**EXERCISE AIM:**
Return an exact copy of the lines from the one holding "등산은 심폐기능 향상과" to the end of the data, including both the starting and final lines. Leave the pictures out.

"""

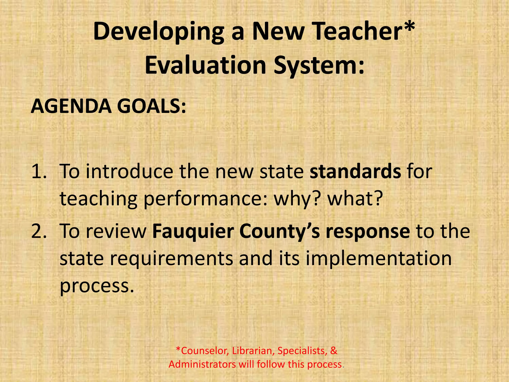 This document introduces Fauquier County Public Schools' new teacher evaluation system which will be field tested from September 2011 to May 2012. The new system is in response to state legislative mandates and will evaluate teachers based on 7 standards rather than the previous 5. It aims to give teachers more voice in the process and make evaluations more meaningful. Six schools will participate by having teachers collect evidence of their performance and provide feedback. The goal is to create a practical and respectful system that encourages reflection and favors student learning outcomes over one-time test scores. Teachers and administrators will try out the standards in practice and suggest improvements.
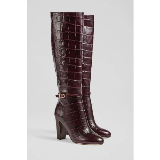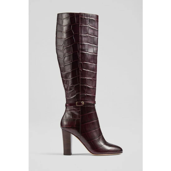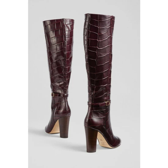 The Morgan knee-high boots are crafted in Italy from chocolate brown croc-effect leather. They have an almond-shaped toe, a half inside zip, a 90mm stacked block heel and gold buckle detail at the ankle.
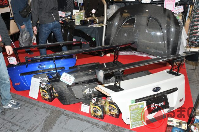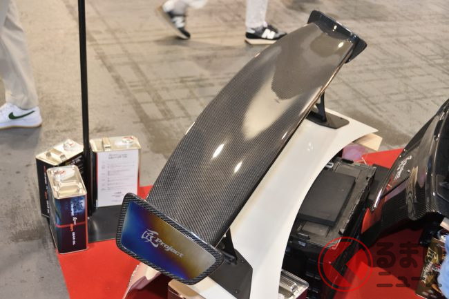 また今後力を入れていくパーツは「GTウイング」だと担当者は話します。翼長1400mm、翼幅1600mm、センターマウント、純正ウイングの取り付け穴を使用して取り付けるタイプなどをラインナップする予定で、翼自体の形状や翼端板(よくたんばん)の形状についても複数の種類から選択できるのが同社製品のメリット。
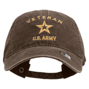 Title, Licensed U.S. Army Veteran Military Embroidered Washed Solid Pigment Dyed Cotton Twill Brass Buckle Cap
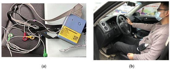 To obtain comprehensive and objective data, the experiment was conducted during daytime hours with a lower traffic volume to minimize the impact of non-road environmental factors on drivers. To ensure safety, we required the participating drivers in the driving experiment to be in good physical condition, maintain regular sleep patterns, possess a valid driver’s license, have ample driving experience, and fall within the age range of 23 to 40 years, with no history of adverse driving records or involvement in serious accidents. Among the 30 participants, the ratio of male to female drivers was 1:1, with an average age of 31.2 years and an average driving experience of 4.7 years. On the day before the experiment, their sleep conditions were normal, and in the 12 h leading up to the trial, they abstained from consuming any medication, alcohol, coffee, or other stimulating beverages. Prior to the start of the experiment, the experimenter provided the participants with basic information about the purpose of the study, the experimental procedure, and any relevant instructions. Throughout the entire duration of the experiment, participants were not allowed to use their phones or other electronic devices, and the experimenter maintained a quiet environment. To ensure driving safety, the participants were given designated rest periods when they felt fatigued.
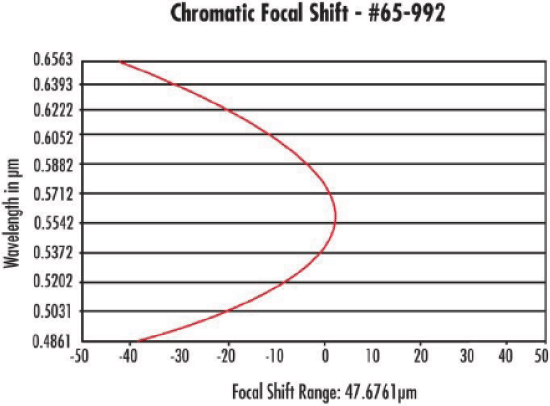 Figure 5.2: Chromatic Focal Shift Graph for #65-992 25mm Dia. x 25mm FL Hybrid Aspheric Lens |
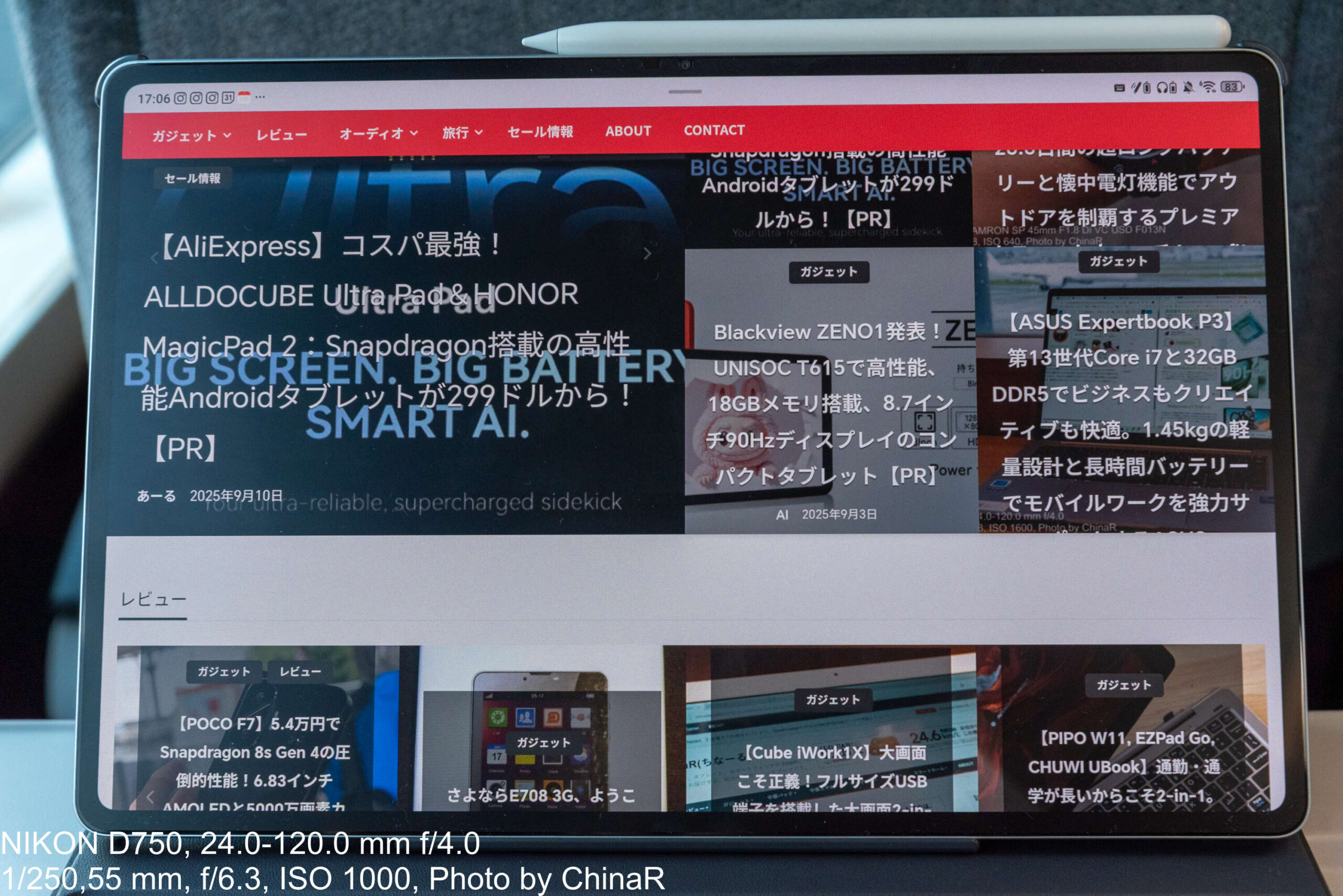 屋外での視認性も十分に確保されており、最大輝度時には明るい日差しの下でも画面の内容をしっかりと確認できます。PDA工房の反射低減フィルムを貼り付けたことも相まって、屋外での使用時にも映り込みを気にすることなく快適に使用できました。旅行先で写真を確認したり、カフェのテラス席で作業したりする際にも、画面の見づらさを感じることはほとんどありませんでした。
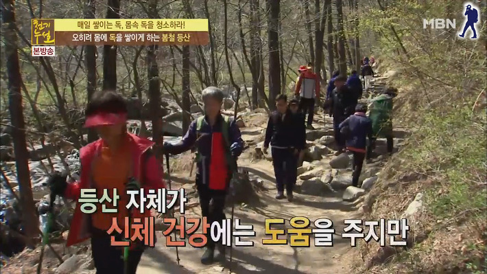등산은 심폐기능 향상과 땀으로 노폐물을 배출하여 건강에 도움을 준다고 알려져 있습니다.
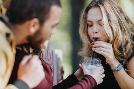 Friends share a drink in the park, enjoying a casual outdoor moment together
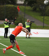 Ásgeir Eyþórs setur boltan í netið en virðist brjóta á Hákoni Rafni
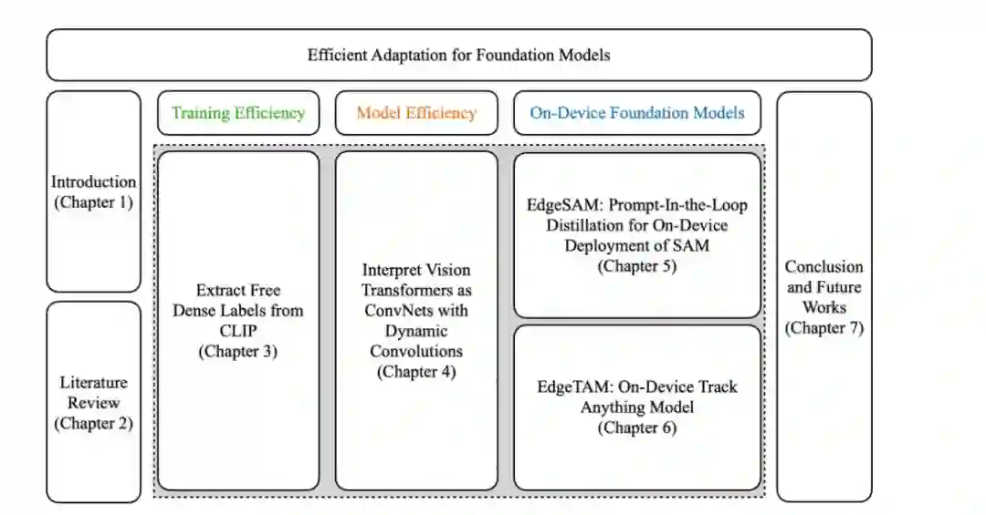 最后,为实现部署效率,我们开发了 EdgeSAM 和 EdgeTAM。通过架构重构与任务感知蒸馏(Task-aware distillation),我们将大型分割基础模型 [2, 3] 蒸馏为适用于移动端和边缘设备实时推理的轻量化变体。这些模型在大幅降低延迟和内存占用的同时,保留了其大型对应模型所具备的交互式与通用化能力。 在多个基准测试上的广泛实验表明,所提方法有效降低了标注成本,提升了计算效率,并使基础模型在设备端的实际部署成为可能。综上所述,这些贡献推动了基础模型在现实世界计算机视觉应用中的高效适配与部署。
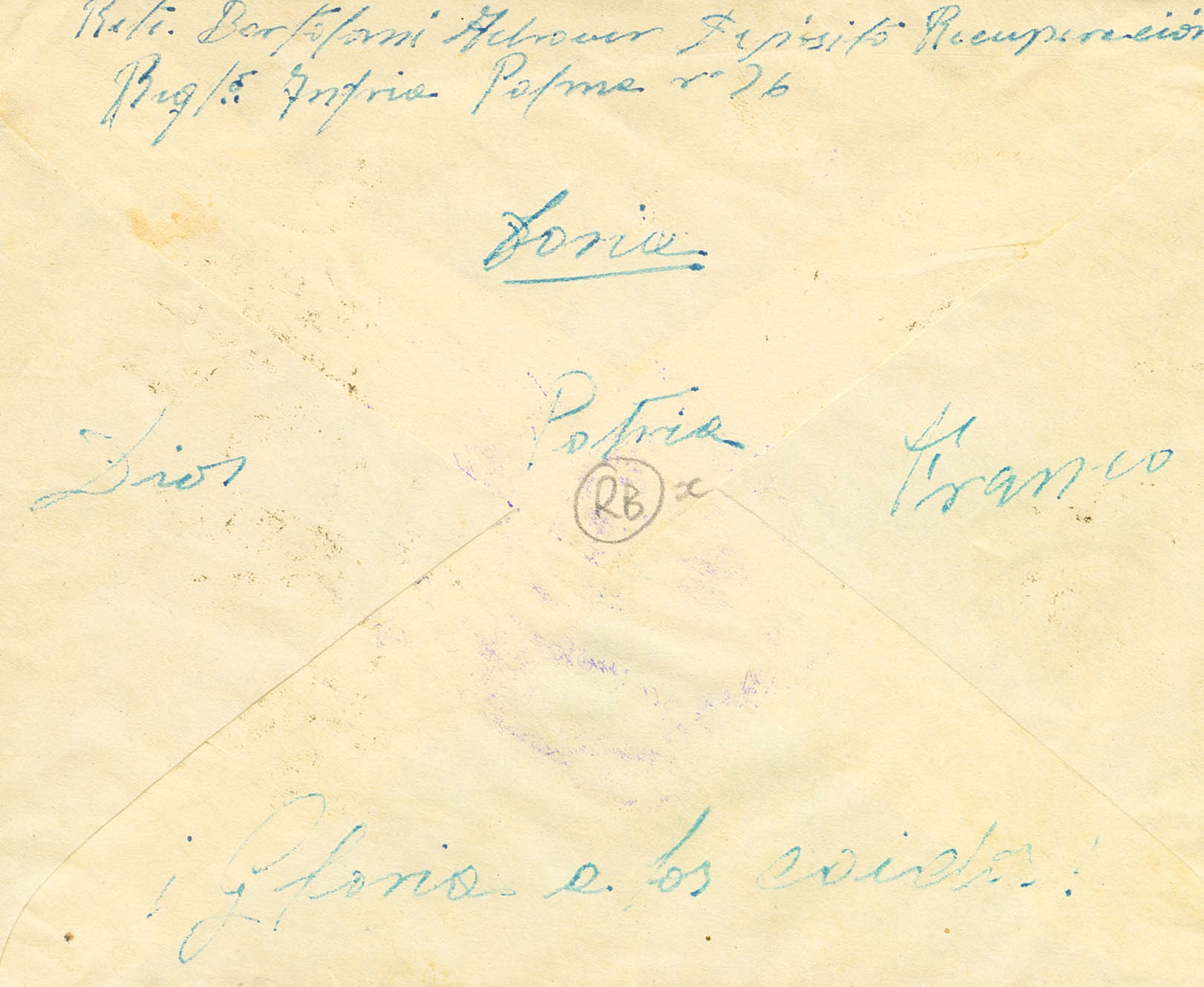 |OVER|1939. SORIA to PALMA DE MALLOGoodA. Mark: RECOVERY DEPOT OF THE PALMA INFANTRY REGIMENT Nº36 / SORIA, in violet. MAGNIFICENT AND RARE.
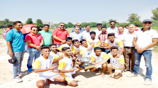 Winning team of Inter-Collegiate Kho-Kho Tournament posing along with dignitaries and officials in Jammu.
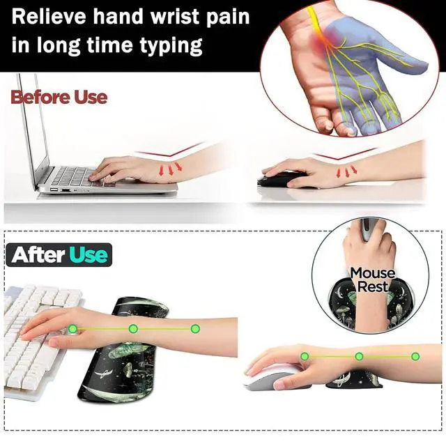 Providing good support to your wrist, maximum relieve wrist stress and tiredness. Ergonomic DesignThe curved and shape design of wrist support set fit perfectly on the wrist. The soft memory foamand filled cushion part will slowly bounce back when your hand leave it, not easy to out of shape. Providing good support to your wrist, maximum relieve wrist stress and tiredness.
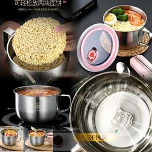 304 ステンレス鋼インスタントラーメン肥厚学生ファーストフード弁当箱蓋付き家庭用食堂インスタントラーメンスープボウルセット
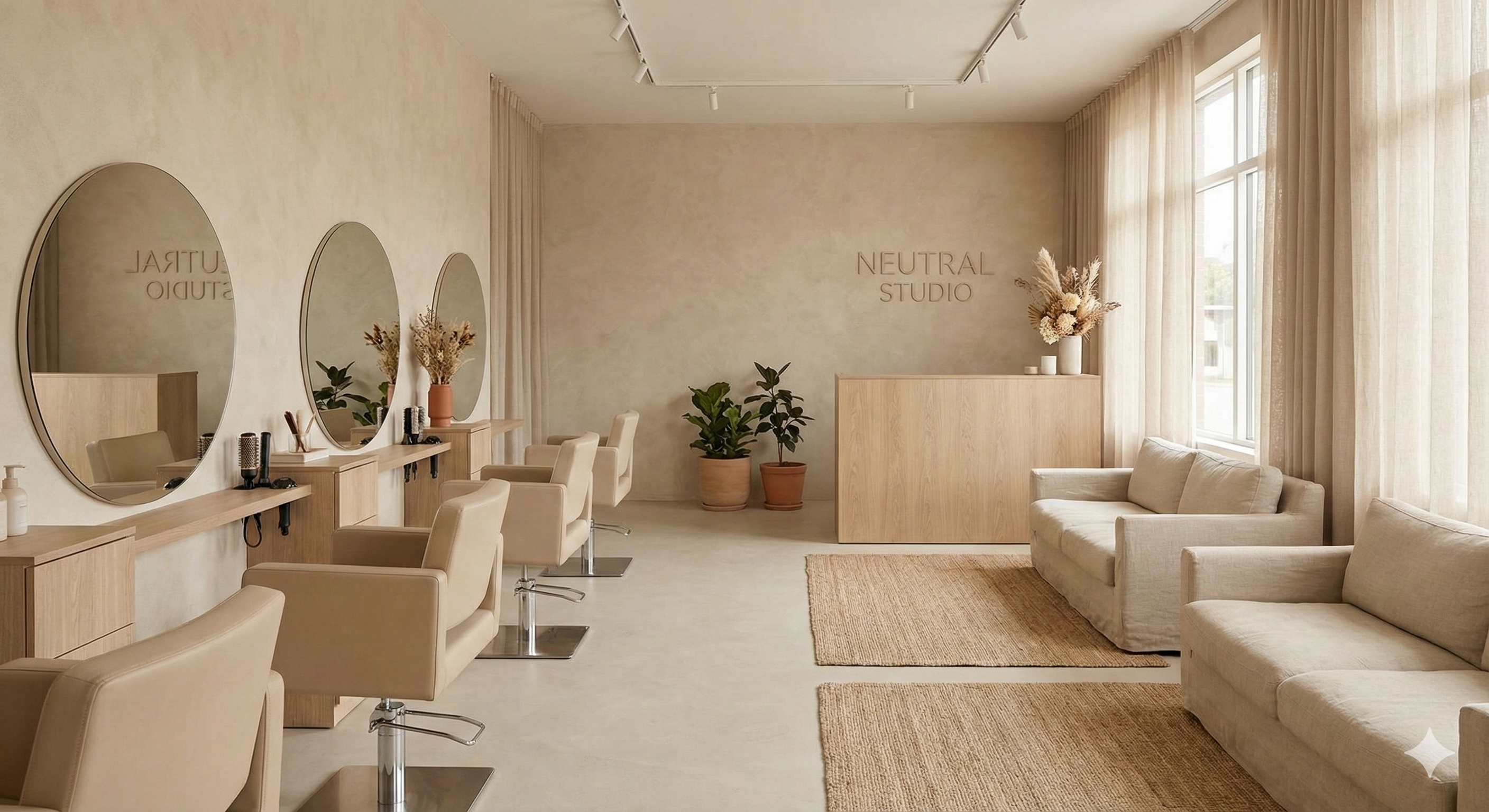 Beige, Weiß und Schwarz halten den Kopf frei. Du hörst Schere, Föhn und leise Musik. Mehr nicht.
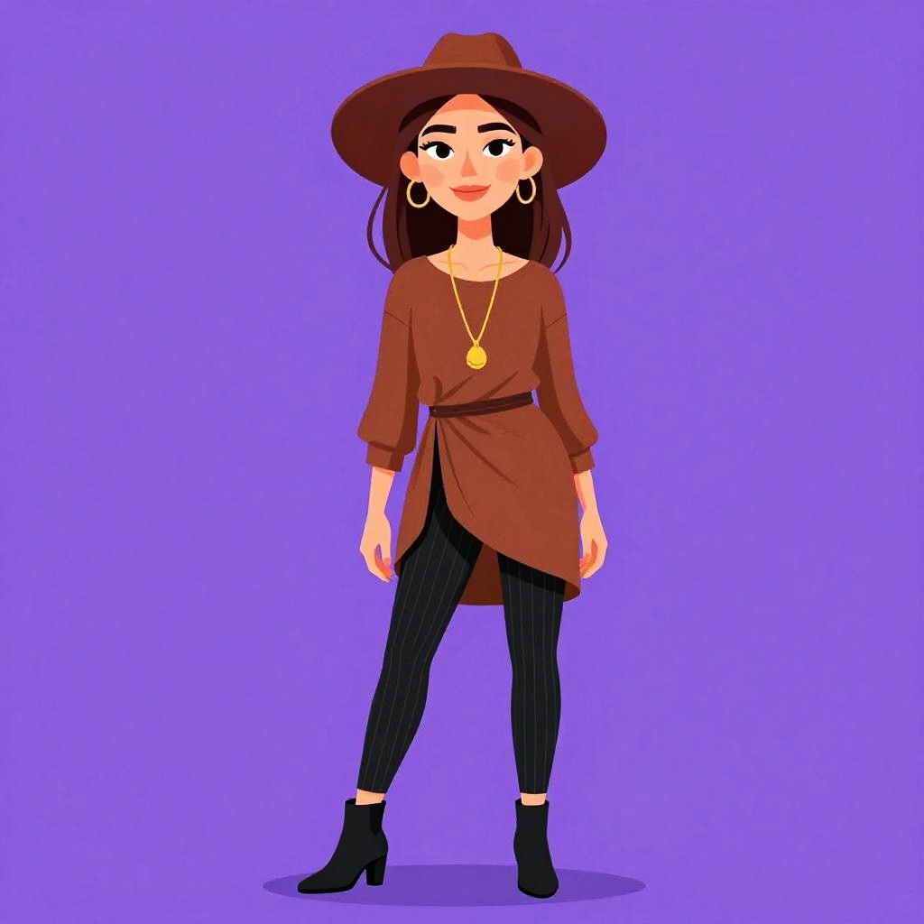 Digital illustration of a smiling woman with tan skin, wearing a wide-brimmed hat, chevron-patterned blouse, beige pants, gold hoop earrings
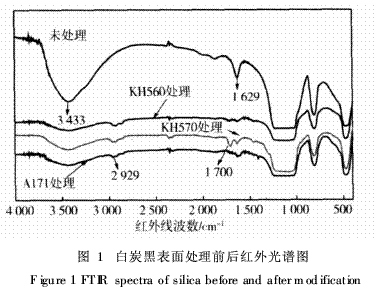 白炭黑表面處理前后的紅外分析結(jié)果見圖1。
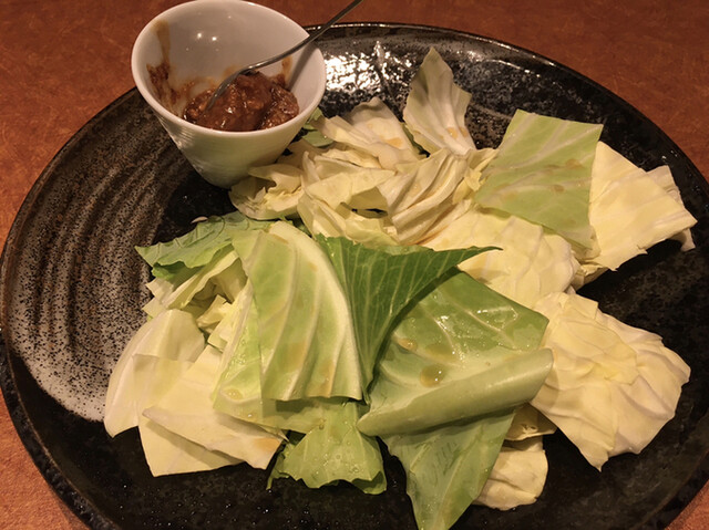 お通しは生キャベツに味噌をつけていただくの。これ、この後

"""

**ANSWER SPACE:**
등산은 심폐기능 향상과 땀으로 노폐물을 배출하여 건강에 도움을 준다고 알려져 있습니다.
 Friends share a drink in the park, enjoying a casual outdoor moment together
 Ásgeir Eyþórs setur boltan í netið en virðist brjóta á Hákoni Rafni
 最后,为实现部署效率,我们开发了 EdgeSAM 和 EdgeTAM。通过架构重构与任务感知蒸馏(Task-aware distillation),我们将大型分割基础模型 [2, 3] 蒸馏为适用于移动端和边缘设备实时推理的轻量化变体。这些模型在大幅降低延迟和内存占用的同时,保留了其大型对应模型所具备的交互式与通用化能力。 在多个基准测试上的广泛实验表明,所提方法有效降低了标注成本,提升了计算效率,并使基础模型在设备端的实际部署成为可能。综上所述,这些贡献推动了基础模型在现实世界计算机视觉应用中的高效适配与部署。
 |OVER|1939. SORIA to PALMA DE MALLOGoodA. Mark: RECOVERY DEPOT OF THE PALMA INFANTRY REGIMENT Nº36 / SORIA, in violet. MAGNIFICENT AND RARE.
 Winning team of Inter-Collegiate Kho-Kho Tournament posing along with dignitaries and officials in Jammu.
 Providing good support to your wrist, maximum relieve wrist stress and tiredness. Ergonomic DesignThe curved and shape design of wrist support set fit perfectly on the wrist. The soft memory foamand filled cushion part will slowly bounce back when your hand leave it, not easy to out of shape. Providing good support to your wrist, maximum relieve wrist stress and tiredness.
 304 ステンレス鋼インスタントラーメン肥厚学生ファーストフード弁当箱蓋付き家庭用食堂インスタントラーメンスープボウルセット
 Beige, Weiß und Schwarz halten den Kopf frei. Du hörst Schere, Föhn und leise Musik. Mehr nicht.
 Digital illustration of a smiling woman with tan skin, wearing a wide-brimmed hat, chevron-patterned blouse, beige pants, gold hoop earrings
 白炭黑表面處理前后的紅外分析結(jié)果見圖1。
 お通しは生キャベツに味噌をつけていただくの。これ、この後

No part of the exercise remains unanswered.